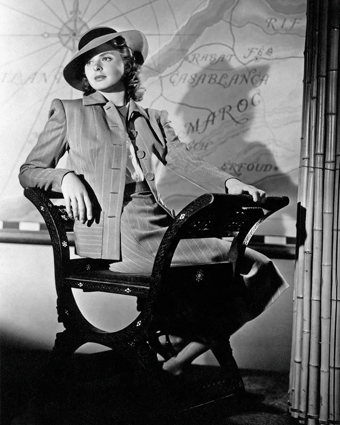 Ровно 77 лет назад на экраны вышла мелодрама Майкла Кертиса «Касабланка» о любви, разлуке и тоске по родине, которой суждено было стать голливудской классикой. Главную женскую роль в фильме сыграла тогда еще начинающая актриса Ингрид Бергман. За ее сценические образы отвечал именитый художник по костюмам Warner Brothers Орри-Келли, за плечами которого три премии «Оскар» — за работу над фильмами «Американец в Париже», «Герлз» и «В джазе только девушки». Действие «Касабланки» разворачивается во время Второй мировой войны, и героине Бергман благодаря Орри-Келли удается найти баланс в нарядах между шиком и сдержанностью. Например, костюм-двойка из плотной ткани, дополненный шляпой, — образец элегантности, который актуален и в наши дни.
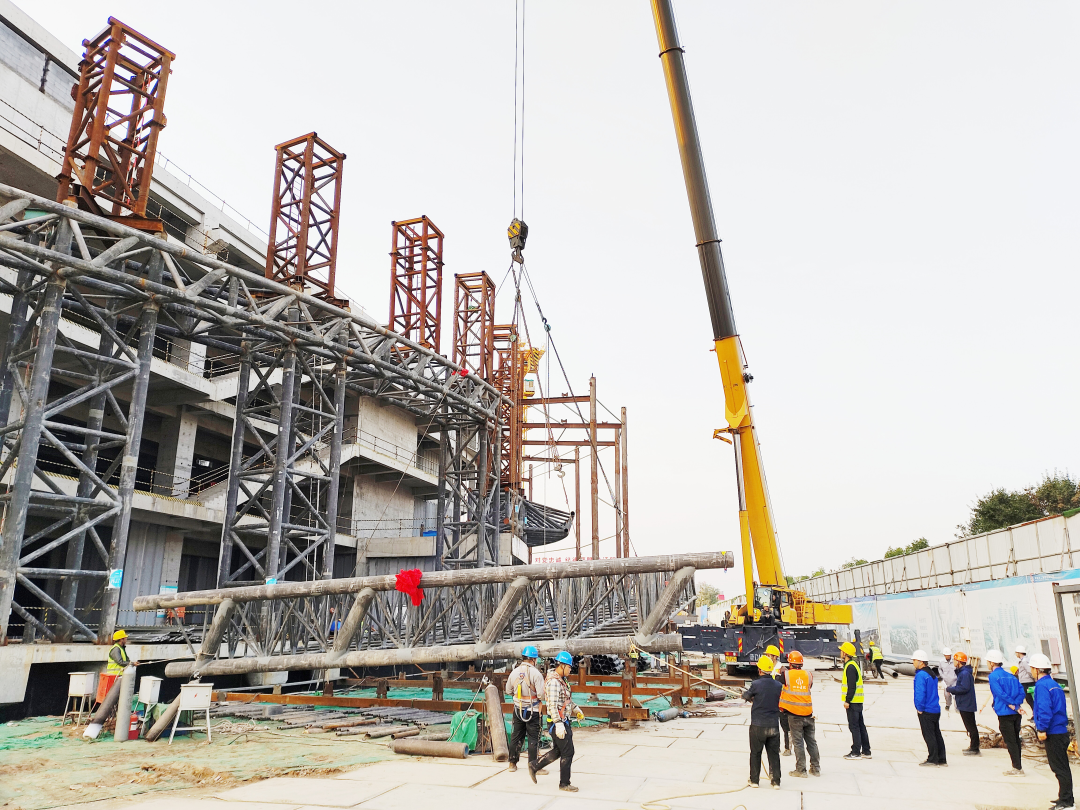 10月8日,项目图书馆/档案馆工程,第一组屋面桁架顺利吊装完成,标志着钢结构吊装作业进入施工快车道,“书页”外型的钢结构已翻开崭新的一页。
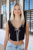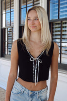 The Ava Top in Black features a refined knitted design with a stylish front tie accented by a Cream ribbon lace. This combination offers both texture and adjustable fit, making it a versatile piece that blends subtle sophistication with contemporary detail. Ideal for layering or as a standalone statement, it elevates any outfit with expert craftsmanship and thoughtful design.
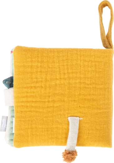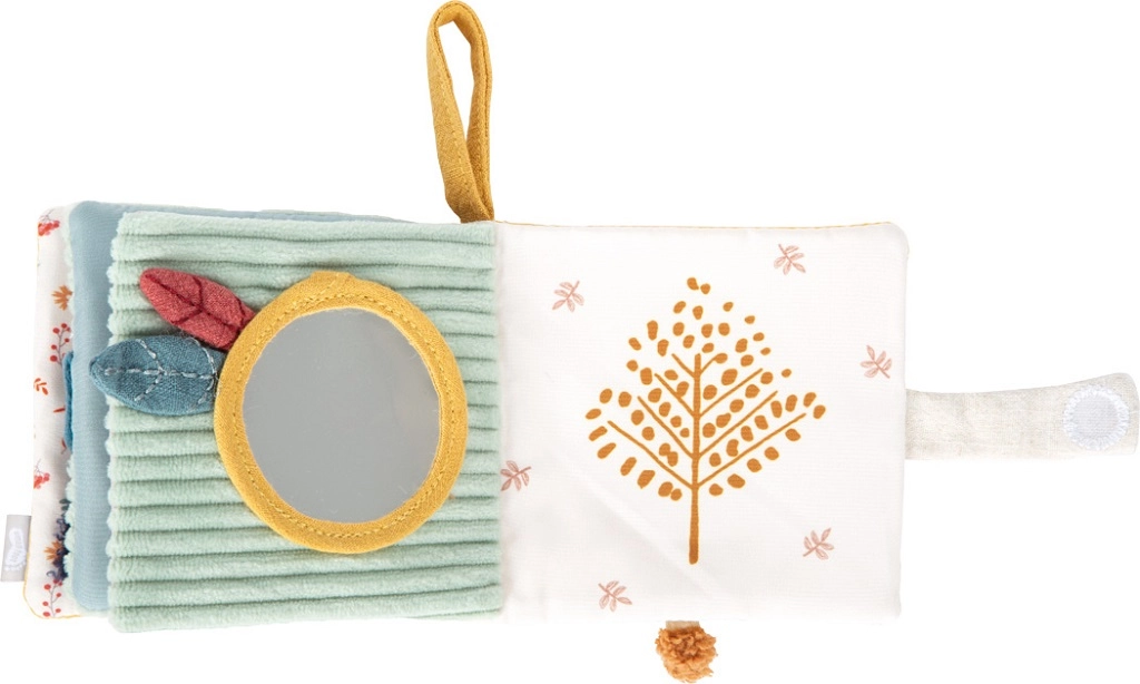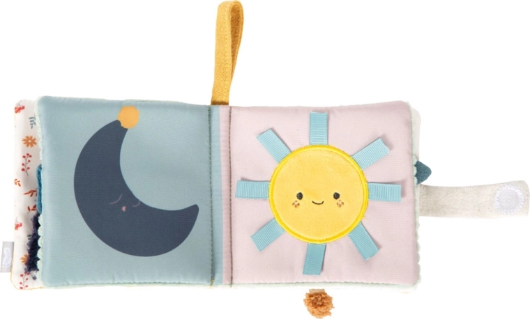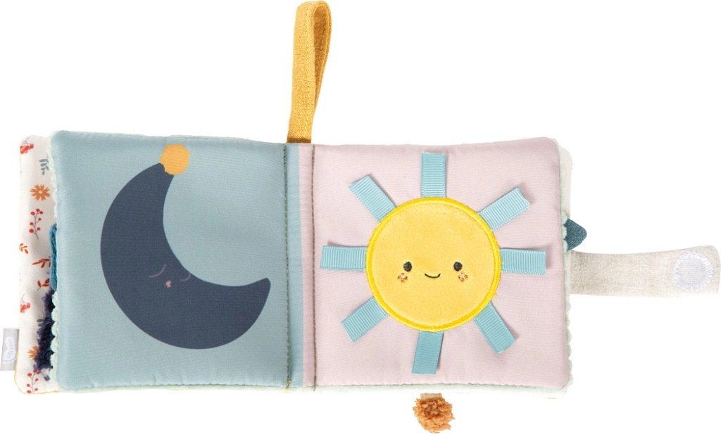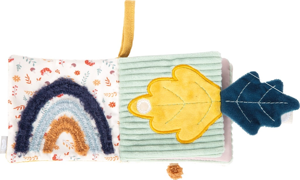 Każda strona oferuje inne wrażenia – szeleszczące panele, materiałowe zakładki, miękkie pluszowe elementy oraz zintegrowaną grzechotkę dla bodźców dźwiękowych.
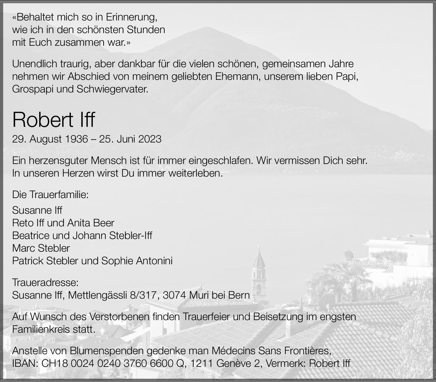 Möchten Sie über neue Todesanzeigen und Kondolenzen für diesen Verstorbenen informiert werden?
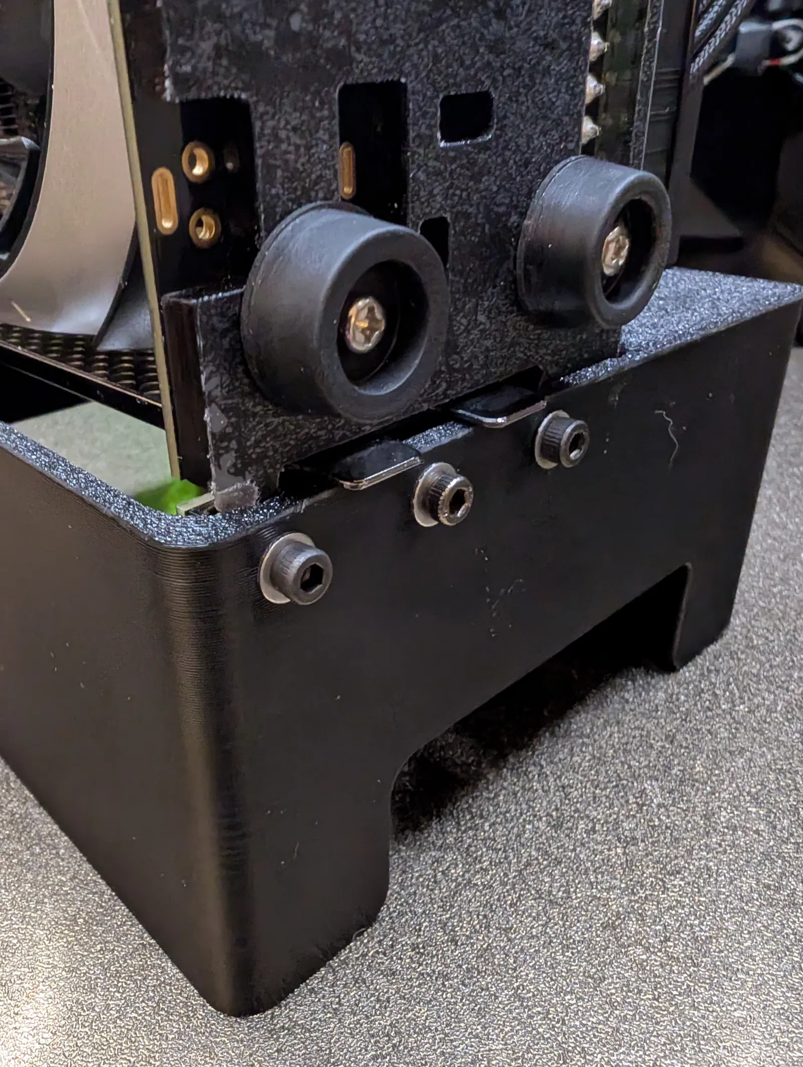 Sau khi in xong, tui thấy có 2 vấn đề và đã chỉnh sửa lại, nhưng chưa in lại: Lỗ cho ốc vặn tay bị lệch một chút và nó hơi lỏng, nên tui có thêm một cái gờ nhỏ ở phía đó.

What the task asks -
Retype, word for word, only the lines from the line with "Każda strona oferuje" to the final line of the listing above; the pictures do not belong in the copy.

Task result -
 Każda strona oferuje inne wrażenia – szeleszczące panele, materiałowe zakładki, miękkie pluszowe elementy oraz zintegrowaną grzechotkę dla bodźców dźwiękowych.
 Möchten Sie über neue Todesanzeigen und Kondolenzen für diesen Verstorbenen informiert werden?
 Sau khi in xong, tui thấy có 2 vấn đề và đã chỉnh sửa lại, nhưng chưa in lại: Lỗ cho ốc vặn tay bị lệch một chút và nó hơi lỏng, nên tui có thêm một cái gờ nhỏ ở phía đó.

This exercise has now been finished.